Złota Lista / Od 8 lat / Co czytać

Machiną przez Chiny

 

Cóż to była za podróż!

Niemal sto lat temu, w 1934 roku, Halina i Stanisław Bujakowscy wyruszyli na otrzymanym w prezencie ślubnym motocyklu z Druskiennik aż do Szanghaju. Pokonali 24 tysiące kilometrów, jadąc przez Turcję, Syrię, Irak, Persję, Indie, Birmę i Chiny. W tak niezwykłej podróży nie brak było niezwykłych zdarzeń. Halina Bujakowska opisała je w swoim dzienniku, wydanym dopiero w roku 2011, pt.

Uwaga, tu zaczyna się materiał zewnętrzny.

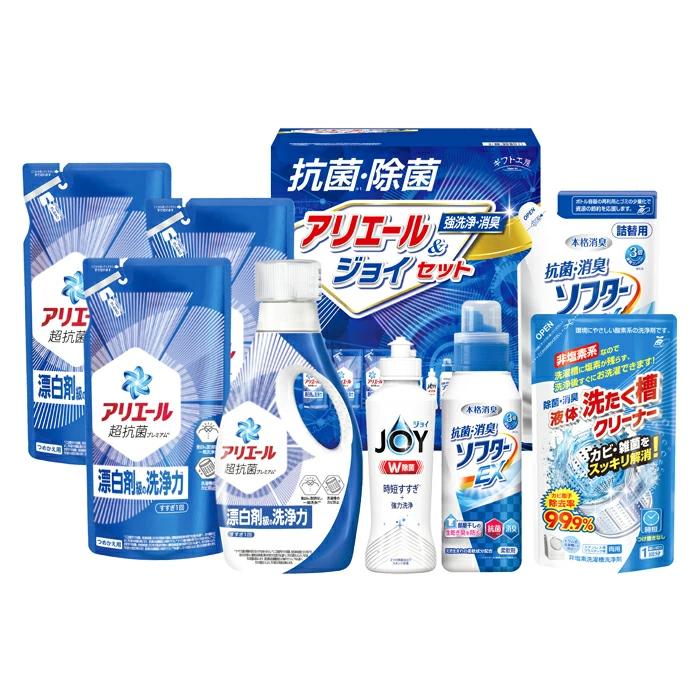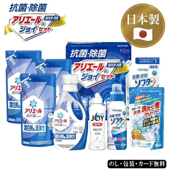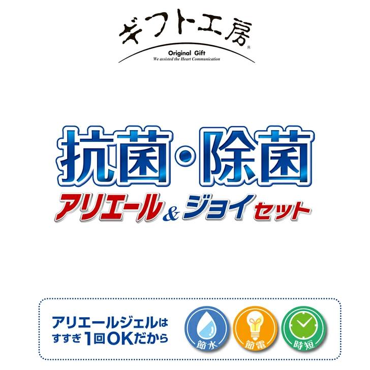 抗菌力に優れたアリエールに本格消臭の抗菌・消臭柔軟剤とW除菌の食器洗い洗剤ジョイをセットしました。

Mój chłopiec, motor i ja.

Ten właśnie dziennik stał się kanwą kolejnej podróżniczo-historycznej książki dla dzieci Łukasza Wierzbickiego. Dzięki Machinie…, pełnej humoru, ale też refleksji, poznamy zapadających w pamięć bohaterów – m.in. mędrca z porcelanowego pałacu, dzielnego Oki z dżungli, małego niedźwiadka nazwanego przez Halinę Tajuszką. Będziemy towarzyszyć podróżnikom w czasem niebezpiecznych, a czasem zabawnych przygodach, które mogły się zdarzyć tylko w odległych miejscach świata.

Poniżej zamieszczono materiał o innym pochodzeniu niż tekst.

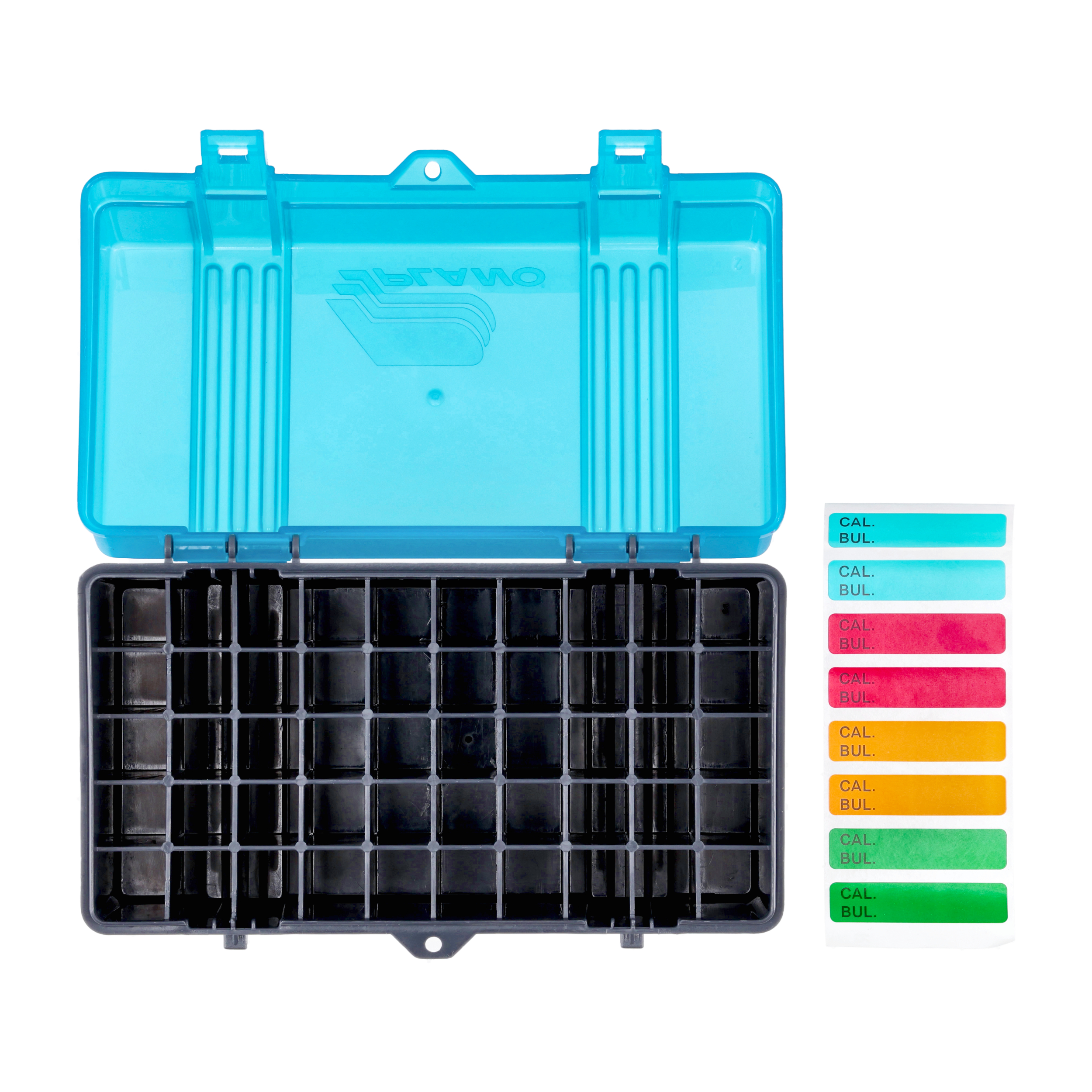 Pudełko na amunicję zostało wyposażone w przegródki, które ułatwiają posegregowanie naboi. W zestawie użytkownik otrzymuje naklejki do oznaczenia odpowiedniego typu amunicji.

Część tych opowieści została przez Łukasza Wierzbickiego ubarwiona, część zupełnie zmyślona (możemy dowiedzieć się o tym dokładnie ze strony www autora), nie ma to jednak znaczenia, bo największą zaletą tej powieści jest rozbudzenie w młodym czytelniku zaciekawienia światem – różnorodnością krajów, kultur, obyczajów i przyrody. Nie trzeba chyba podpowiadać, że rodzic czytający tę książkę dziecku może to zainteresowanie rozwinąć, sięgając choćby po inne pozycje o podobnej tematyce.

Na szczególną uwagę zasługuje piękny projekt graficzny autorstwa Marianny Oklejak. Kolaże rysunków, wycinanek i autentycznych zdjęć to sam w sobie powód, by spędzić z tą książką czas. Plus oczywiście mapa, która pomaga nam śledzić kolejne etapy niezwykłej podróży młodych państwa Bujakowskich.

Machiną przez Chiny to też opowieść o przyjaźni, zaufaniu, odwadze i wytrwałości w pokonywaniu trudności. Czyż dzisiaj, gdy dalekie podróże stały się nie tylko dostępne, ale i komfortowe, taka wyprawa nie wzbudziłaby uznania?

Przygoda Haliny i Stanisława Bujakowskich zakończyła się sukcesem. Do Szanghaju dotarli w marcu 1936 roku. Wkrótce los rozłączył małżeństwo na kilka lat, ale to już zupełnie inna opowieść…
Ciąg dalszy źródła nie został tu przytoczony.